## DATA EXTRACT
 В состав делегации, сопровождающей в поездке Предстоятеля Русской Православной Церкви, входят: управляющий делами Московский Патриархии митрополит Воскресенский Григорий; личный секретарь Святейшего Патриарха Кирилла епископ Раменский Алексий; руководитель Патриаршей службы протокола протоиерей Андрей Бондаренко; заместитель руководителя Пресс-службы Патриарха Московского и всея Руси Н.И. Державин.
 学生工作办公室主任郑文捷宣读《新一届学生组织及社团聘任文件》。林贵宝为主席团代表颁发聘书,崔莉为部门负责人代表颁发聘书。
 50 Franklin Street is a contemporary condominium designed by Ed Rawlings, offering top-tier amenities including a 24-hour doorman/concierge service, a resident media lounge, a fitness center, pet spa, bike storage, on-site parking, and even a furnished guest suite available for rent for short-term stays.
...
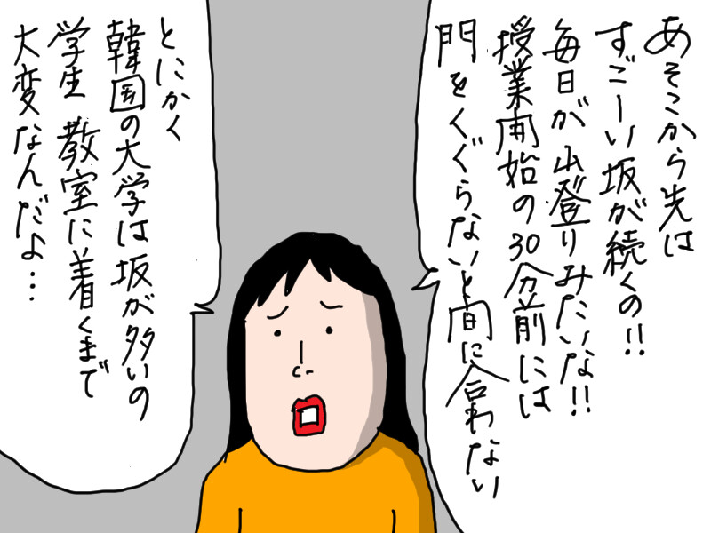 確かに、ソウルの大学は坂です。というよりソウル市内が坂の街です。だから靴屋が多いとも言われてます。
...
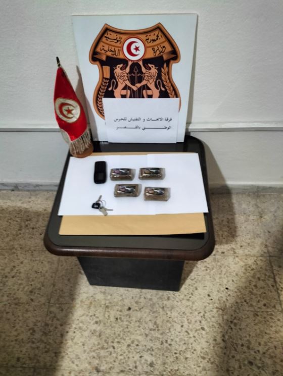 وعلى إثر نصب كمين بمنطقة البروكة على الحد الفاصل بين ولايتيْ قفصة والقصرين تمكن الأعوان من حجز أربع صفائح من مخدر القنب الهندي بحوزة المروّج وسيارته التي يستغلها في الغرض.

## THE PROBLEM
Everything from the line containing "学生工作办公室主任郑文捷宣读" through the line containing "50 Franklin Street" in the material above should be retyped exactly, both ends included, and nothing more.

## REPLY TO THE EXERCISE
 学生工作办公室主任郑文捷宣读《新一届学生组织及社团聘任文件》。林贵宝为主席团代表颁发聘书,崔莉为部门负责人代表颁发聘书。
 50 Franklin Street is a contemporary condominium designed by Ed Rawlings, offering top-tier amenities including a 24-hour doorman/concierge service, a resident media lounge, a fitness center, pet spa, bike storage, on-site parking, and even a furnished guest suite available for rent for short-term stays.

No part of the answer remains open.